Seriously, Fenrir, you do this
every Wednesday.
Please stop, or
address our points.
Well no shit about that second part. But the taste is secondary to how the lunch I ordered didn't arrive until dinnertime, wasn't what the menu said it was, and half of it was replaced by a note telling me I'd have to cook the rest myself. It may be better food than under the previous owners, but they still haven't made a good case for why I'd ever want to eat here again.
Nah.
They didn't even leave the note. Like if they'd left ingredients and a recipe? I could get behind that. If they'd left a note it'd at least be polite. But they literally just left out the food and left it to us to
notice that we'd have to cook the rest. It ain't in the book - there is
absolutely nothing about the design principles in the book.
It is Fenrir and dev quotes that are telling us this - we literally have to hunt them down so that they will tell us:
"Yeah we left that part up to you to cook. What we made wouldn't necessarily be to your taste, right?"
"Okay now how do I cook? And make it complement the existing food and maybe fine-tune it for particular tastes? You're the professional chef, you should know this, I'm literally just some guy who wanted to serve dinner to his friends."
"That's up to you!" *Runs away on a bicycle
made of your money*
God I am so glad I couldn't scrounge up the cash to back 3e.

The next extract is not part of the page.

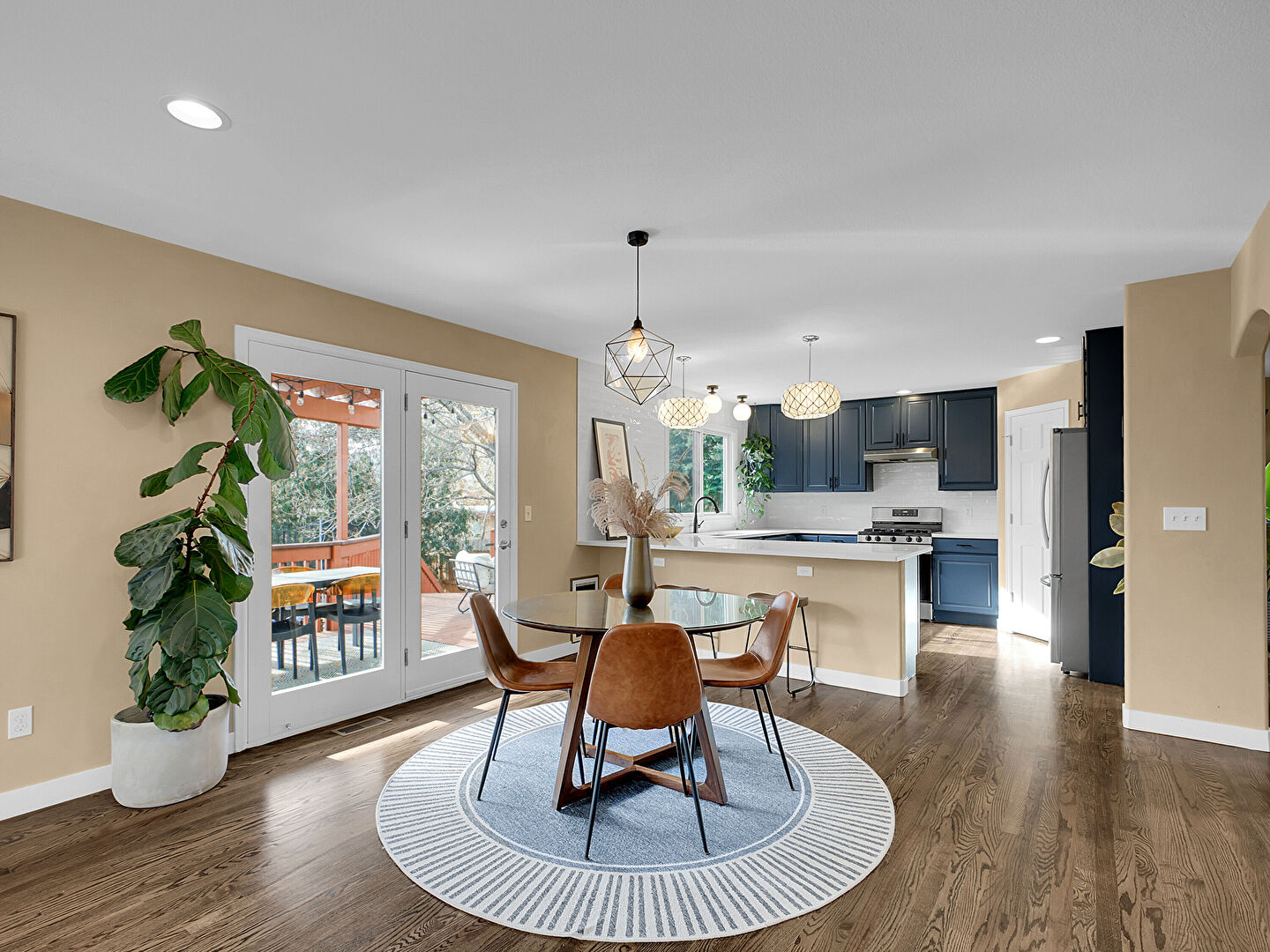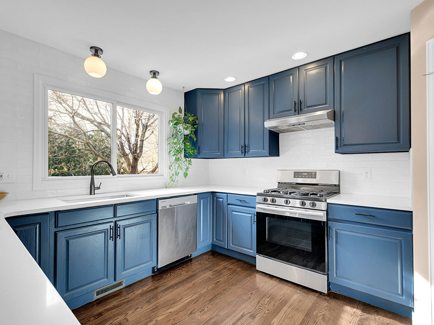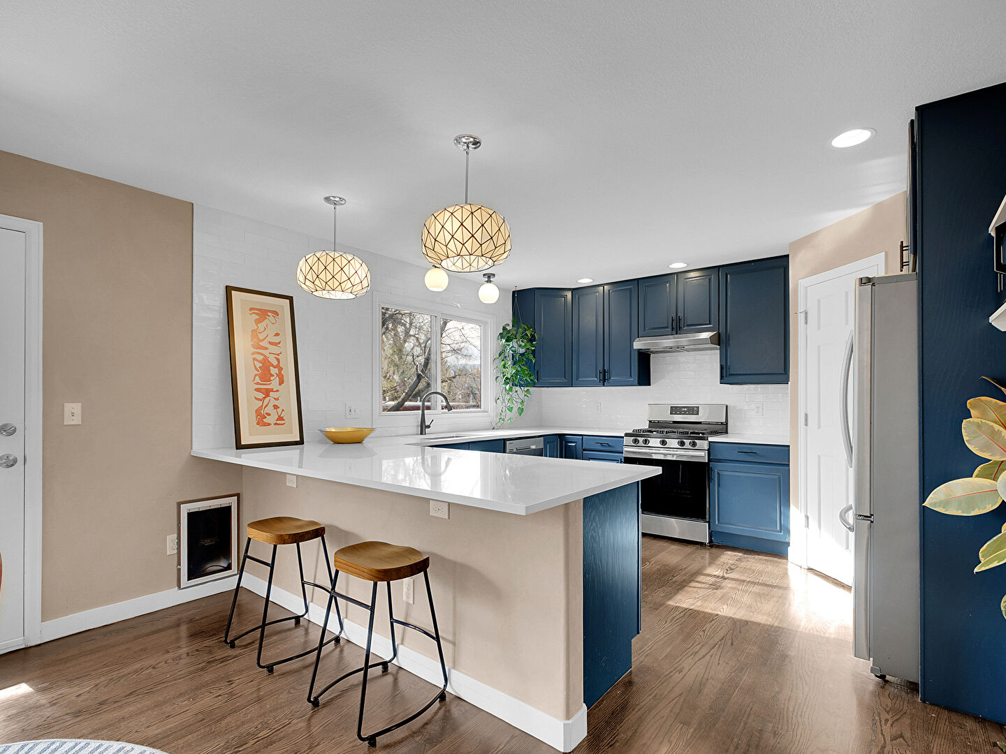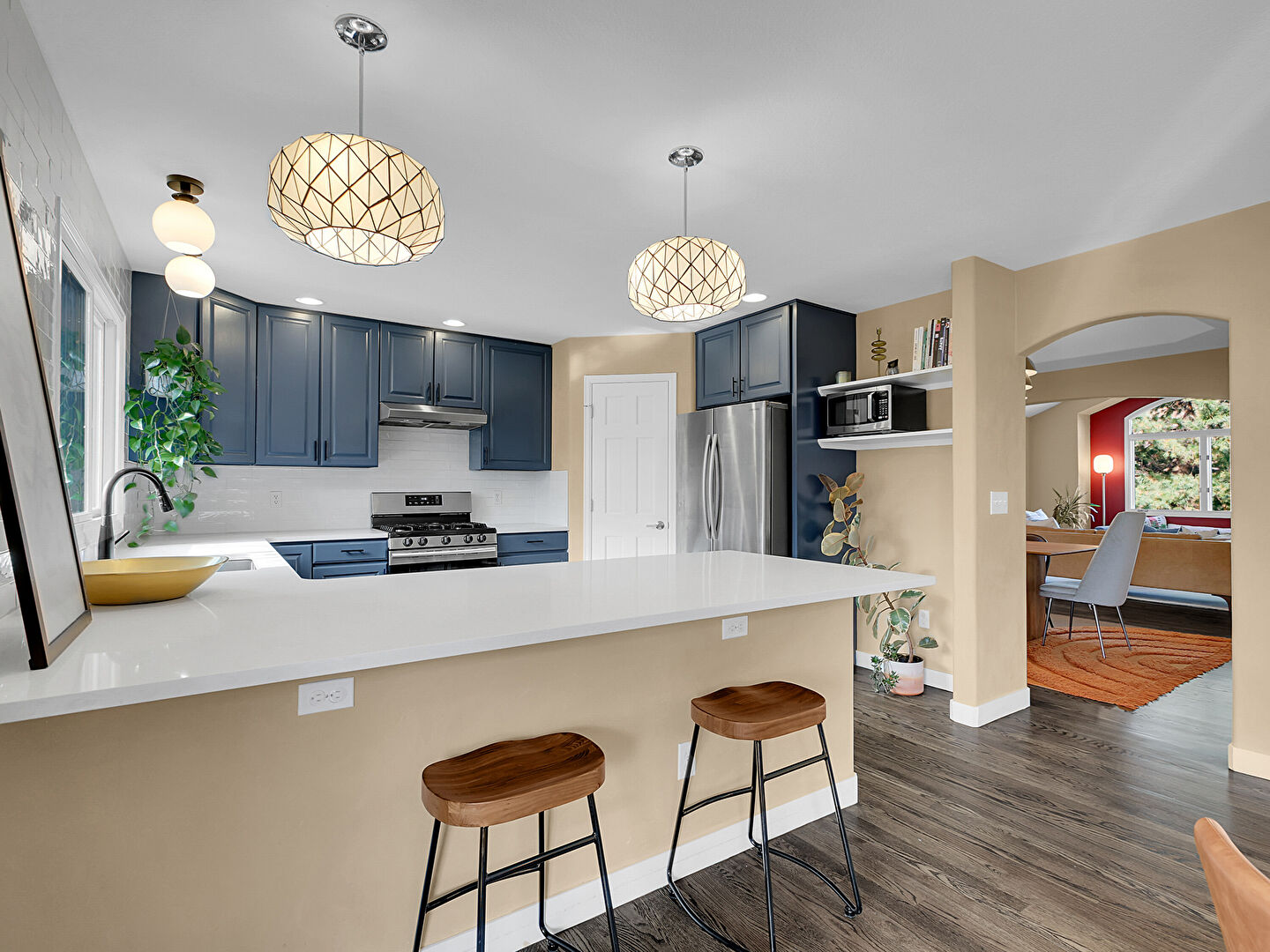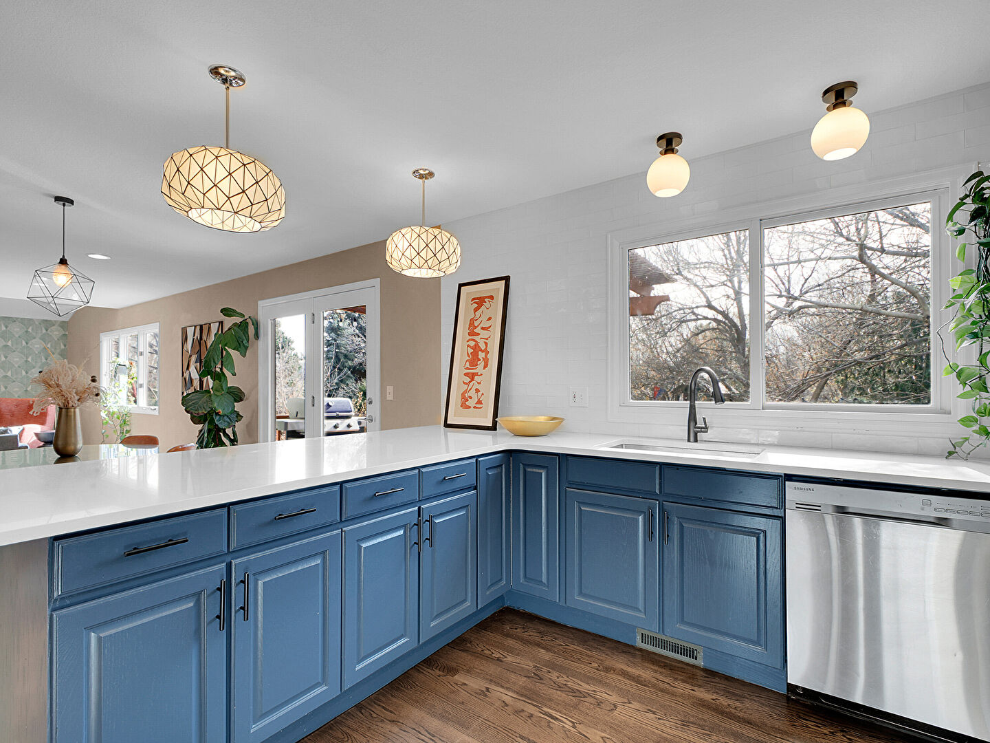 Arched Walkways, Baseboards Wall, Blue Cabinets, Drywall, French Doors, G Shaped Kitchen, Kitchen Bar, Kitchen Peninsula, Natural Light, One Wall Kitchen, Open Shelves, Pendant Lighting, Raised Cabinets, Recessed Lighting, Shaker Cabinets, Stone Countertops, Vent, Wood Finish Floor, Baseboards Wall, Raised Cabinets, Recessed Lighting, Vent

Yes, but so are plenty more sensible interpretations. Why would you choose the most far out interpretation when it would clearly not result in having more fun? Why willfully make the Charm end up broken, when it's designed to work within the limits the ST desires for their particular game? That's what's confusing me here. You're using the 'plausible limits' thing to make the Charm less fun and less functional instead of the other way around. I'm having a hard time grasping why you'd want that.
Because he is not the only ST in the universe.
There are STs and players who will read it that way - since that is the way it is written - without, in fact, desiring it. There are STs and players who will say 'hey that's what's in the book' and run hard to that rather than adjusting for sensibility.
STs are not game design gods, Fenrir. Sometimes they can't see a problem brewing. Sometimes they just want to run the game by the rules as written rather than inventing more sensible rules themselves.
Sometimes they haven't done a detailed close reading of a
single Charm in a
two hundred page section that their player brought out on them, and only realize what's happening the moment a player's dramatic death at the hands of Mask of Winters is curtailed by his Glorious Solar Doombot and his teleportation to the Coral Archipelago.
And then their game night ends in a six-hour argument over how to interpret the rules.
And there was no malice! The player and the ST read it differently, and they never checked to make sure they had the same interpretation,
because there was no warning in the entire book that said they should consult.
I'm arguing for "stupid or not, this is the fact" because I've been accused of making a statement that is allegedly factually untrue. So I'm defending and pointing out that while it is a controversial statement about the nature of Creation (in fact I pointed to it being controversial in the very post which caused such a reaction by ES!), it is nonetheless a statement that factually exists in Exalted canon.
There is no such thing as Exalted canon.
There is only Exalted headcanon, and the texts from which it is based.